That empathy enabled her to become one of British television’s most successful producers, because she knew not only how to spot presenters but how to develop their personalities on screen. Sophie Grigson, who worked with Pat on Eat Your Greens in 1993, told the Independent in 2001: “Looking back at it, Pat was brilliant at what she did. She has a rare ability to spot people who are going to come across well on television. She allows her presenters to flourish by supporting rather than intimidating them.”

The Two Fat Ladies. Photograph: PA

No one could intimidate the next duo Pat created. During the filming of Eat Your Greens, the formidable Clarissa Dickson Wright, then running an Edinburgh cooks’ bookshop, had a cameo role extolling the virtues of cardoons. Not long afterwards, Pat had lunch with Jennifer Paterson. Watching Paterson ride away on a motorbike, a brainwave hit Pat. She introduced the two cooks to each other, added a sidecar and in 1996 Two Fat Ladies was born.

This was an era when most food programmes were dominated by male restaurant chefs, so the idea of two rather large, older posh women as the main presenters, cooking old-fashioned dinner-party food, was revolutionary. Their eccentricity, politically incorrect views and zest for lard, clotted cream and fatty meats stimulated viewers’ palates jaded by polenta and puy lentils. Dickson Wright memorably said about the proper application of butter to a cake tin “You really want to get it well greased. Did you see Last Tango in Paris? Something like that.” Seventy million viewers watched worldwide.

Pat told the Guardian in 2007 that the series “actually was basically everything about my life. Horrible posh boarding school, fat matrons. I was exorcising demons.”

School was Netherwood, a boarding school in Saundersfoot in Pembrokeshire, followed by Westonbirt school in Gloucestershire. Pat’s parents, Anne (nee McDowall) and Eric Llewellyn, ran the Emlyn Arms, a hotel in the Carmarthenshire town of Newcastle Emlyn, which for many years was, apart from the Walnut Tree in Abergavenny, the only restaurant in Wales in The Good Food Guide.
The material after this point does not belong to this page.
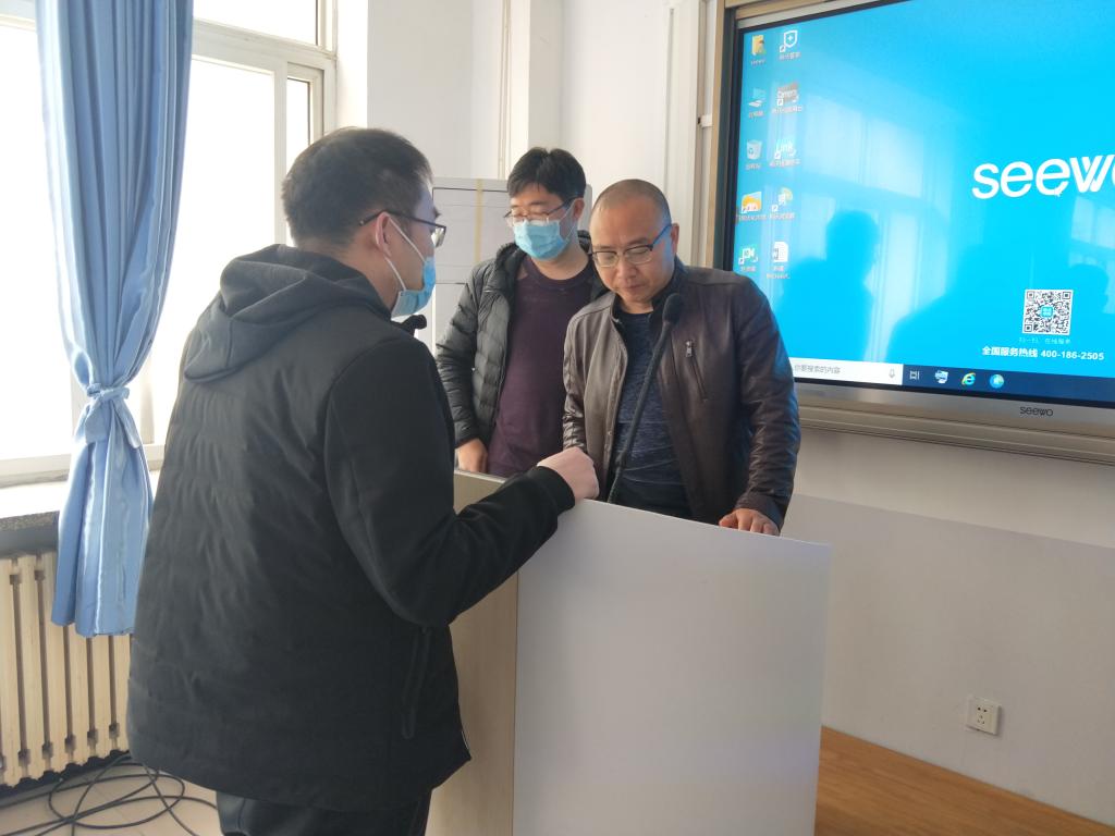 2021年3月17日下午,唐山幼儿师范高等专科公司李小六副董事长等到太阳集团tyc539macau进行考察交流。太阳集团tyc539macau现代教育技术中心主任李丽山、教育公司党委书记陈克良、经理张学鹏、副经理王建国、副经理高俊霞等向李董事长一行介绍了太阳集团tyc539macau教室改造项目情况,并就具体设施的规格参数、操作实施、教室布局与设备匹配等情况,进行了详细的探讨和交流。李小六副董事长等一行人参观了改造完成的实验楼和特教楼教室,对调试好的多媒体进行了试操作。

Born in Carmarthen, Pat was proud of that Welsh heritage and enjoyed showing visitors her collection of carved love spoons.

There was no original intention to carry on her parents’ love of food. Pat’s degree was in French and film studies at Middlesex Polytechnic (now Middlesex University), including a year at the Sorbonne, followed by a master’s in film studies at the Polytechnic of Central London (now the University of Westminster). She went from university to the British Universities Film & Video Council and then got a job at Channel 4 as an assistant in the education department. There Pat was encouraged to get into production by Sue Shephard, a commissioning editor who spotted her latent talent.

Pat with Jamie Oliver filming The Naked Chef. Photograph: Antonio Olmos/The Observer

In 1992 Pat joined Wall to Wall Television, and pitched an idea back to Channel 4. This was Talking Liberties, a series of interviews by Jonathan Rée with philosophers and critical thinkers, including Jacques Derrida (so her French degree came in useful), about the relationship between philosophy and human rights. Fortuitously for her career, food won out over Foucault. She developed Eat Your Greens for Wall to Wall, and joined Optomen in 1994, where she created Police, Camera, Action!, a ratings smash for ITV.

After the success of Two Fat Ladies, Pat’s next big hit came when she spotted a young man chopping spinach in the background of a River Cafe programme. In 1999, Pat launched Jamie Oliver in his first TV series, The Naked Chef, on BBC2, by taking an unusual approach. In the original pilot, the 23-year-old had come across as awkward and embarrassed because the director had filmed him straight to camera in the conventional way. Pat insisted on redoing the whole thing and engaged him in conversation off camera to ensure that his energy and passion would shine.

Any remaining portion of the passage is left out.